Want more filesystem roots? Sure. As many as you would reasonably want.

val indexBuilder = IndexBuilderCoroutines()
    .with(dirNameA)
    .with(dirNameB)
    .with(listOf(dirNameC, dirNameD, dirNameE))

Want only specific files? Apply file filter. A default behaviour is to accept every file. Directories are always accepted.

val filter = object:java.io.FileFilter { /* whatever */ }
val indexBuilder = IndexBuilderCoroutines()
    .with(dirName)
    .filter(filter)

Want only large files? Or only small files? Or want to run a complex heuristic on file contents? There's an extension point for that. See javadoc for the details. A default behaviour is to accept everything; there's a sample whitelist-based implementation that discards files as soon as it encounters too many non-whitelisted characters.

val inspector = object: org.maurezen.indexer.ContentInspector { /* whatever */ }
val indexBuilder = IndexBuilderCoroutines()
    .with(dirName)
    .inspectedBy(inspector)

Want to deal with non-standard file formats or encodings? Implement your own reader. See javadoc for the details. A default behaviour is to assume files are UTF-8 encoded.

val reader = object: org.maurezen.indexer.FileReader { /* whatever */ }
val indexBuilder = IndexBuilderCoroutines()
    .with(dirName)
    .readBy(reader)

Want to share index between threads? Share a builder instance and request an index.

//thread A
val indexBuilder = IndexBuilderCoroutines()
    .with(dirName)
//thread B
val index = indexBuilder.get()

Have a more prolonged lifecycle? Want an update? Keep a builder instance to yourself and trigger a build again when needed. indexBuilder.get() will be returning the previous index version until the new computation completes.

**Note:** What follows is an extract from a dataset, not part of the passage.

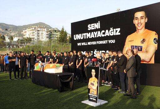 Soccer players of Alanyaspor gather for a memorial for their teammate Czech Republic's Josef Sural, in Alanya in Antalya province, Turkey, Monday, April 29, 2019. Sural was killed and six other Alanyaspor players were injured Monday when their van was involved in an accident on the way home from a Turkish league soccer match. (DHA via AP)

val indexBuilder = IndexBuilderCoroutines()
    .with(dirName) 

var index = indexBuilder.buildAsync().await()

//things happen here
//...
//and now it's time for a refresh

index = indexBuilder.buildAsync().await()

Changed your mind and don't want that refresh anymore?

val indexBuilder = IndexBuilderCoroutines()
    .with(dirName) 

var indexDeferred = indexBuilder.buildAsync()

indexDeferred.cancel()

Performance

While a robust performance setup doesn't exist as of now, here is the anecdotal data for indexing all the files of an intellij-community-master snapshot dated late 2020 on mostly-available (sub-10% idle usage) 5950x:

Size: 563 MB (590,787,068 bytes)
Contains: 120,686 Files, 26,343 Folders
Created: Saturday, December 12, 2020
IndexBuilderCoroutines()
    .with(INTELLIJ_COMMUNITY_MASTER)
    .inspectedBy(WhitelistCharacterInspector(5))
    .filter(ACCEPTS_EVERYTHING)
    .buildAsync().await()
-Xmx Time
12g 26.7s
2g 41.3s

While, again, a robust memory footprint measurement doesn't exist, a ready-to-query index of intellij-community-master has a memory footprint of ~230Mb. The indexing process itself, though, requires anywhere from 12Gb to as little as 1Gb, depending on indexing pipeline settings and trading throughput for memory footprint.